Collected in Dance Move, The Stinging Fly Press 2022, Picador 2022
Wendy Erskine is like Vermeer, I think. In the same way that supposedly ordinary people and places are illuminated by Vermeer in a way that is technically flawless, but also imbued with something extra that can’t be extracted from the whole, or seen or replicated. I do think it is genius really, in the both of them.
There is a moment in this story where Erskine makes a plant come to life. It suddenly bursts into bloom. It astonishes and delights a youth in a recreation room. It’s on the television, of course. In time-lapse. Ritchie, the character reporting this event is not moved by the miracle. Regarding the boy, he feels pity. “I thought you poor bastard. You stupid bastard.”
The moment is about five lines long, and part of a genuinely beautiful story about a woman letting go of her comforting routines. I am highlighting it because Erskine doesn’t generally veer from the real and solid world, but always finds a place for some magical intervention to enter the space when required. The plant blooming is something we have all seen, but it is also honestly miraculous. The sweet pain of seeing it through the cynical eye of the narrator is sharpened to the point it makes you catch your breath. You stupid bastard. But you’re not stupid, you’re miraculous really.

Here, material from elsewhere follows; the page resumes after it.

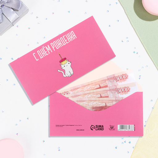Цена за 10 шт. Конверт для денег "С Днём Рождения!" котик, 16х8 см

First published by Tangerine Press, 2021. Collected in Dance Move, Picador/Stinging Fly, Feb 2022
Wendy Erskine talks about meeting people in Belfast who insist they knew the real man she’s writing about, or his mother, or his music. Maybe’s it’s the comforting familiarity of the mode of writing, or the delicate precision of the detail; or maybe it’s just her profoundly humane imagination, and her love of the that particular side of Belfast, one that’s never been written about enough. Until Erskine came along, that is; and now, I doubt it’ll ever be written about better.
Published in the collection Sweet Home, Stinging Fly, 2018/Picador, 2019. Available online here
Erskine’s protagonist is used to clearing up after other people. One day in the course of her work as a cleaner she finds a young girl alone in a house after a party. Deciding she has no choice, she takes the child home, hoping to locate her mother. But as the story progresses we come to suspect the mess she’s attempting to fix was made long ago, somewhere else entirely. I wondered if Dance Move, the soon-to-be-published collection which this story opens, could possibly surpass Erskine’s debut Sweet Home. It does: by the end of ‘Mathematics’ my eyes were wet. Like all twelve of my choices it made me feel, as Shirley Hazzard writes in one of her several perfect stories, “a momentary sensation that the world had come right; that some instant of perfect harmony had been achieved by two minds meeting.”

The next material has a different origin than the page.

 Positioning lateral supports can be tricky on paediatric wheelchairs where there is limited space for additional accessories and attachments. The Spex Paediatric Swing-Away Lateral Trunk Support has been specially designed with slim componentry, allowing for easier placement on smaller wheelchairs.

First published in Dance Move, Picador, 2022
The voices! The exacting details! The unsettling vacancy of modern life!
Collected in Sweet Home, The Stinging Fly Press, 2018 and Picador, 2019
In ‘To All Their Dues’, Mo has opened her own beauty treatment room, precariously starting out and trying to make ends meet, before finding out there’s a hidden cost she hasn’t bargained for. A wonderful starting point, but the story becomes so much deeper, as Mo runs through in her memory the previous version of herself she is striking out to escape from: working in a call centre giving “mystical advice” in sometimes heart-breaking circumstances, only one step away from answering the sex lines. And the same goes for the next characters we encounter. Everyone in the story is trying to run away from what haunts them, no matter how weirdly violent or utterly straightforward they seem. I loved that.

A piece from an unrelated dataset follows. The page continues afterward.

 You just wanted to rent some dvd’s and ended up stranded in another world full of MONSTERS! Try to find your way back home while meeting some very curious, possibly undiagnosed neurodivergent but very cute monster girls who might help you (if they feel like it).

First published in Sweet Home, Stinging Fly, 2018/Picador, 2019 and available online here
Wendy Erskine’s humane and wonderfully funny stories are set in Belfast, a city of church-run coffee shops, DIY superstores, hairdressing salons and community centres. Her characters are ordinary people doing their best to cope under pressure, but bizarre and fantastical things are never too far away. This particular story focuses on teenager Cath and her friend Lauren. The girls meet regularly in a café called ChipShop. On the day the story begins, they’re in there with a crowd of boys who are “occupied with downloading porn ringtones to their phones” and then ringing each other “so that they could hear the elaborate crescendo of female gasping”. Lauren’s mum, Kim Cassells, is beautiful, bad tempered and exhaustingly sexy. Kim Cassells goes on adults-only holidays and has lots of boyfriends. Lauren confesses to Cath that the current boyfriend Stuart is only twenty-six and has kissed her in passing on the stairs. Cath’s knowledge of guys is “pretty theoretical” but here is a real live sexual drama playing out right under her nose. She starts dropping in to see Lauren on various pretexts and finding reasons to stay overnight, sleeping on the floor of Lauren’s room. She regards Kim Cassells with a mixture of horror and fascination, and she can hardly take her eyes off Stuart. The claustrophobia of small houses where you can hear people getting up to go to the toilet yards away from you is beautifully evoked. The story captures the intensity and the boredom of teen years in a small town.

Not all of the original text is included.